The emperor Gaius ('Caligula') was assassinated in January A.D.41. Since he was the last of the Julii, and he left no heir, it seemed that the dynasty of Caesar and Augustus was finished. Accordingly, the Republic was restored, but then a coup d'etat by the Praetorian Guard put Claudius in power . . . the dramatic events of these few days are a crucial turning-point in Roman history - the moment when the military basis of the Principate was first made explicit. Tacitus' account has not survived, and Suetonius and Dio Cassisu offer no adequate substitute. Fortunately, the Jewish historian Flavius Josephus chose to insert into his 'Jewish Antiquities' - as an example of the providence of God - a detailed narrative of the assassination plot and its aftermath taken from contemporary and well-informed Roman sources. This new edition of T.P. Wiseman’s acclaimed Death of an Emperor (his translation and commentary of Josephus’ account of Caligula’s assassination) includes an updated bibliography, revised introduction, translation and commentary. Appendix 1 on the Augustan Palatine has been completely revised to take account of recent archaeological information.
Josephus' account of the murder of the Emperor Gaius (now better known as Caligula) is the most vivid and detailed ancient account we have of the final moments of any Roman emperor. It's full of intriguing detail -- from Gaius' tummy upset (or hangover) which made him skip lunch on the day he died, to the words spoken by the assassins as they put the knife in. Peter Wiseman is a learned and most engaging guide to the whole story, exploring many of the puzzles and questions that it raises. Where did Josephus get his information from? Where exactly did the murder take place? Wiseman knows the layout of the Julio-Claudian Palatine better than anyone else in the world, and he takes us down its back alleys and dark passages to pinpoint the very spot where the emperor met his very nasty end.

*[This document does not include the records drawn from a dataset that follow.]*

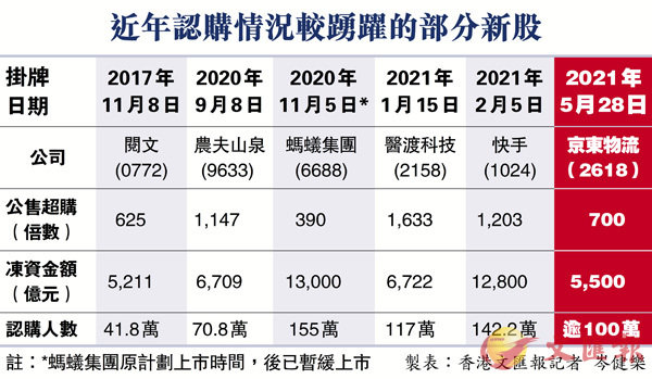 香港文匯報訊(記者 岑健樂)京東物流(2618)備受市場熱烈歡迎,該股前日截孖展,昨日截止公開認購。消息指,京東物流錄得逾100萬人認購,超購逾700倍,凍資逾5,500億元。該股若成功落實於下周五掛牌上市,將成為繼京東(9618)及京東健康(6618)後,京東系內第三隻港股,而且它們的上市時間距離不足一年。
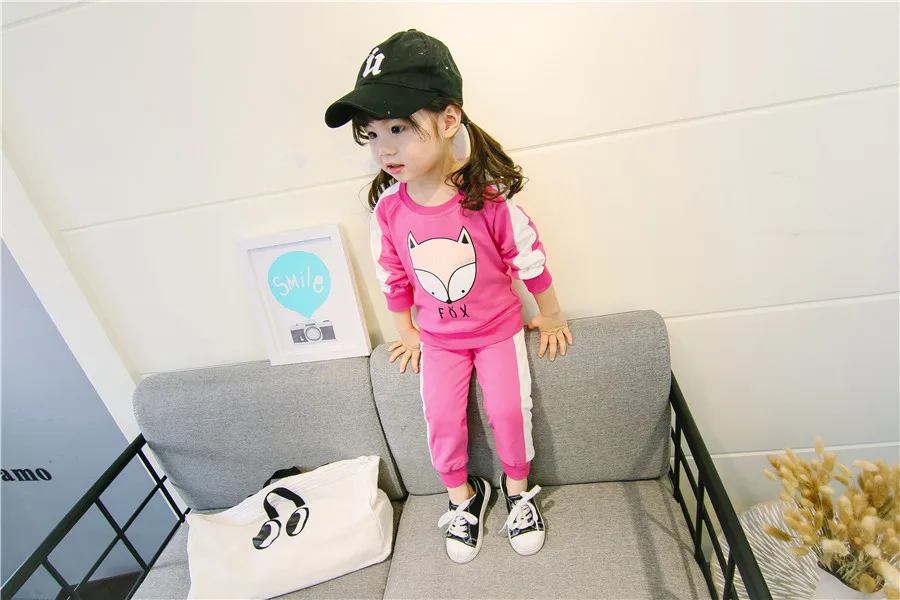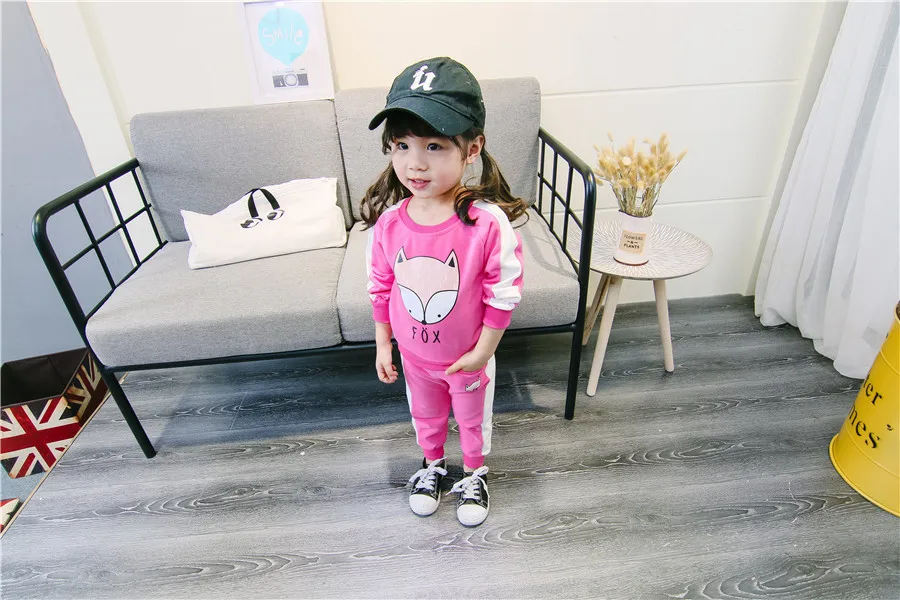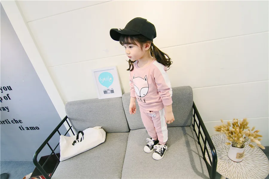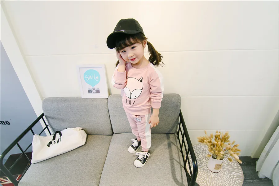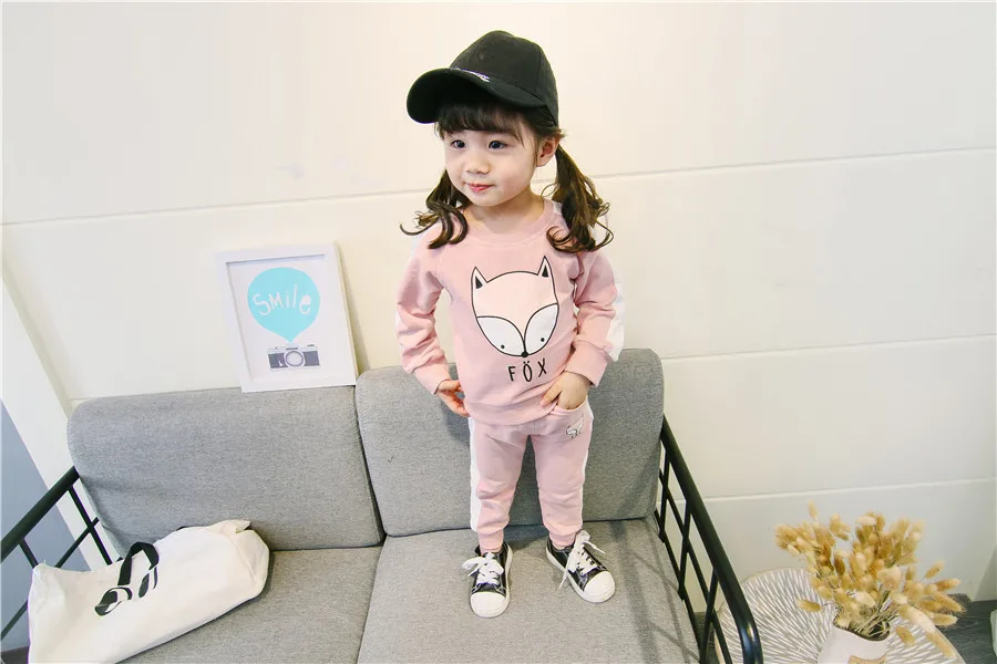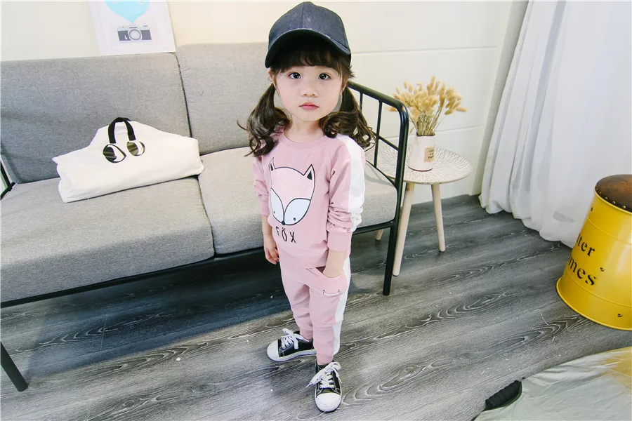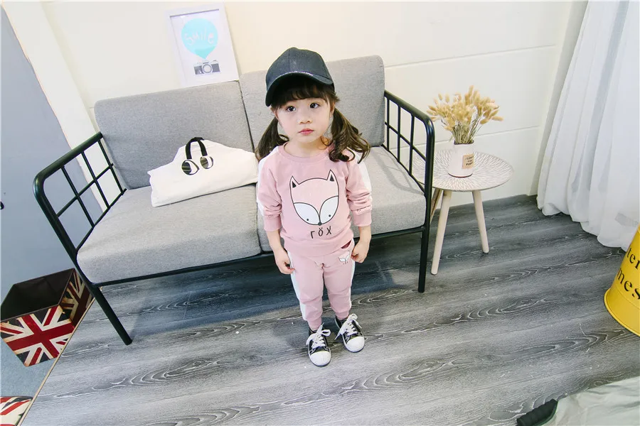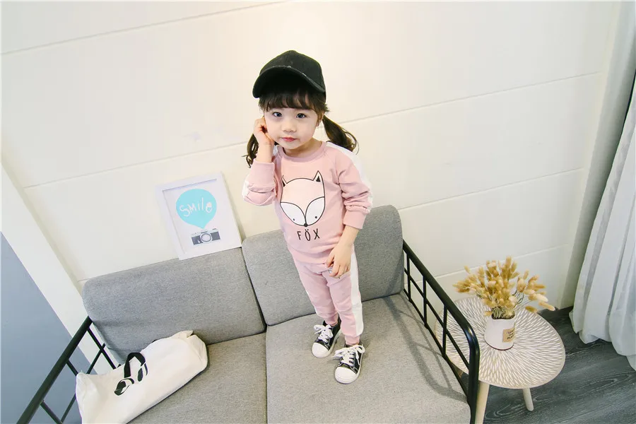 children clothes sets cotton suit children’s printed fox strip 2pcs 2018 autumn new children’s clothing girls kids clothes sets
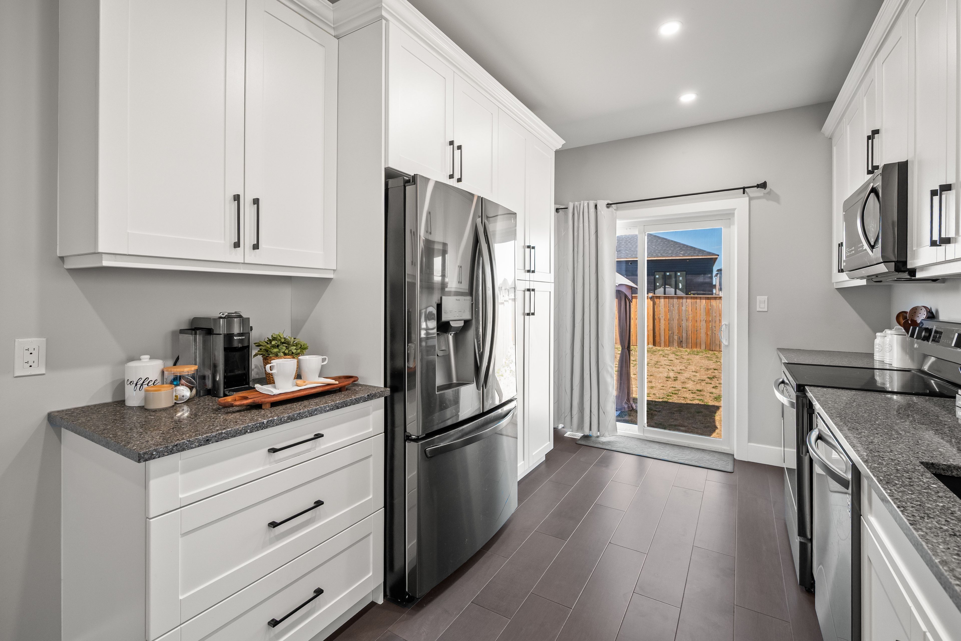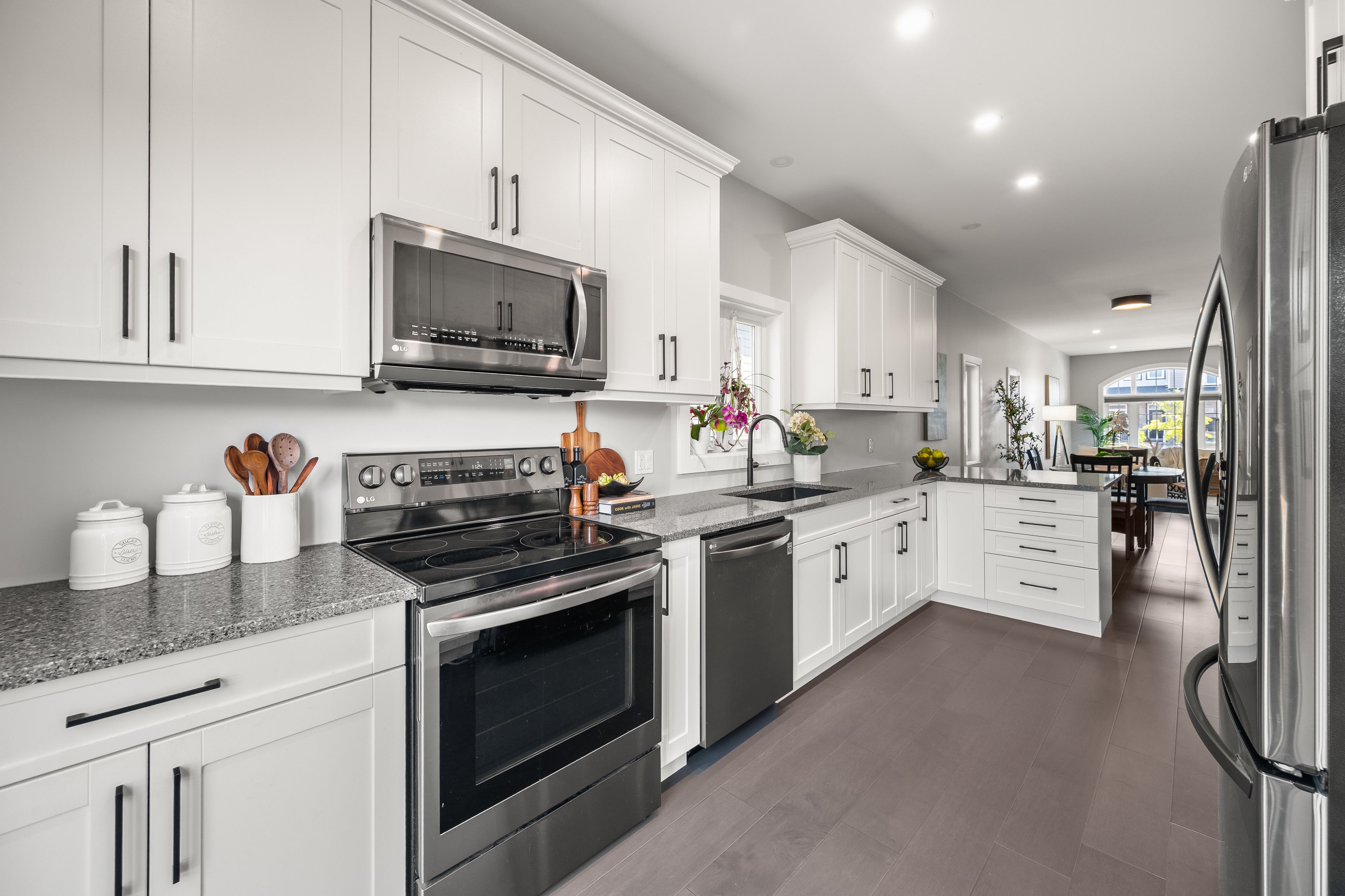 • Stunning custom kitchen features quartz countertops and a dine-up island.

In a concise and readable way, W. walks through the early imperial development of the [Augustan Palatine] in light of recent archaeology, locating the original houses of Augustus and Tiberius to recreate the scene at the time of Gaius. This may not be indispensable for the foregoing study, but it is a welcome bonus in the new edition...W.’s book remains as valuable as it always was. Students of ancient history in all subdisciplines should be pleased that it is available again, and with a particularly useful update in the new appendix.